• Problem statement
Reproduce exactly the lines from the one containing "a la población" through the end of the listing, minus the pictures.

• Given data
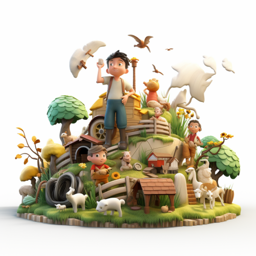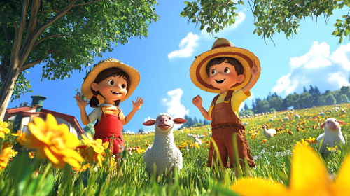 little girl and little boy, 5 years old, farmers, farmyard setting, cow, chicken, sheep, blue sky, tress and grass, cheerful, having fun, pixar style, animation, cartoon, 3d --ar 16:9
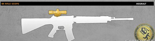 俗称4倍镜、4X镜。在突击步枪上装备4倍率望远式光学瞄准具代替机械瞄准具。4倍镜视野广,放大倍率高,适宜中距离作战。
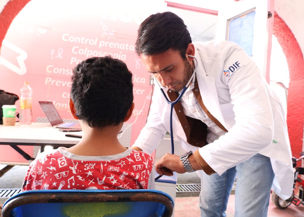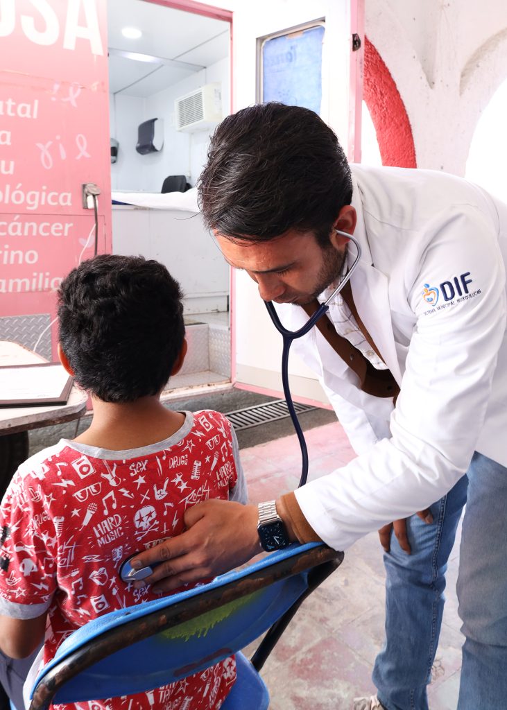• La presidenta municipal, Romina Contreras, indicó que personal médico del organismo brinda este servicio en las comunidades, para reducir gastos a los padres de familia, además de acercar servicios médicos a la población
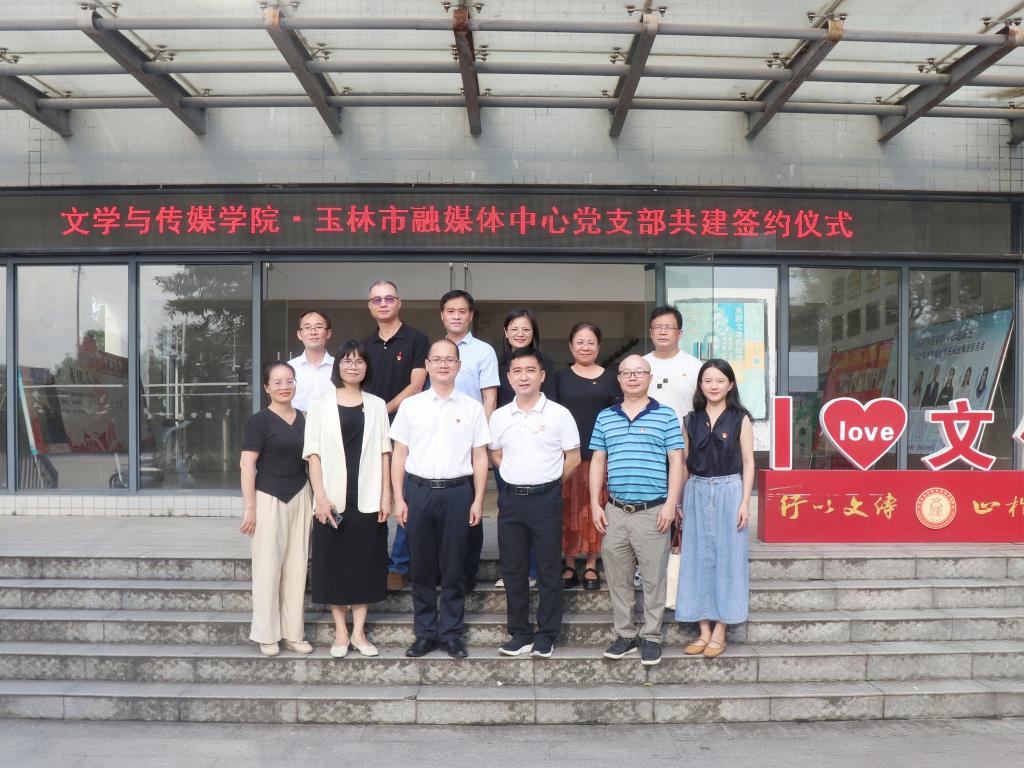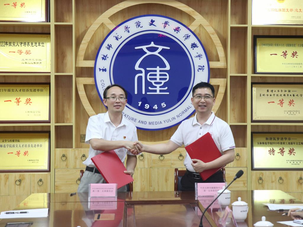 本站讯 为深入贯彻落实党的二十大精神,推动基层党组织建设,充分发挥党建引领作用,促进党建工作与业务工作深度融合,5月22日下午,玉林市融媒体中心第一党支部与yL23411永利集团教工第二党支部在我校东校区至善楼309会议室举行党支部共建签约仪式。玉林市融媒体中心党委副书记胡加宁,yL23411永利集团党委书记冯健秋、副书记邓荫金以及两个支部全体党员参加签约仪式。

• Answer space
• La presidenta municipal, Romina Contreras, indicó que personal médico del organismo brinda este servicio en las comunidades, para reducir gastos a los padres de familia, además de acercar servicios médicos a la población
 本站讯 为深入贯彻落实党的二十大精神,推动基层党组织建设,充分发挥党建引领作用,促进党建工作与业务工作深度融合,5月22日下午,玉林市融媒体中心第一党支部与yL23411永利集团教工第二党支部在我校东校区至善楼309会议室举行党支部共建签约仪式。玉林市融媒体中心党委副书记胡加宁,yL23411永利集团党委书记冯健秋、副书记邓荫金以及两个支部全体党员参加签约仪式。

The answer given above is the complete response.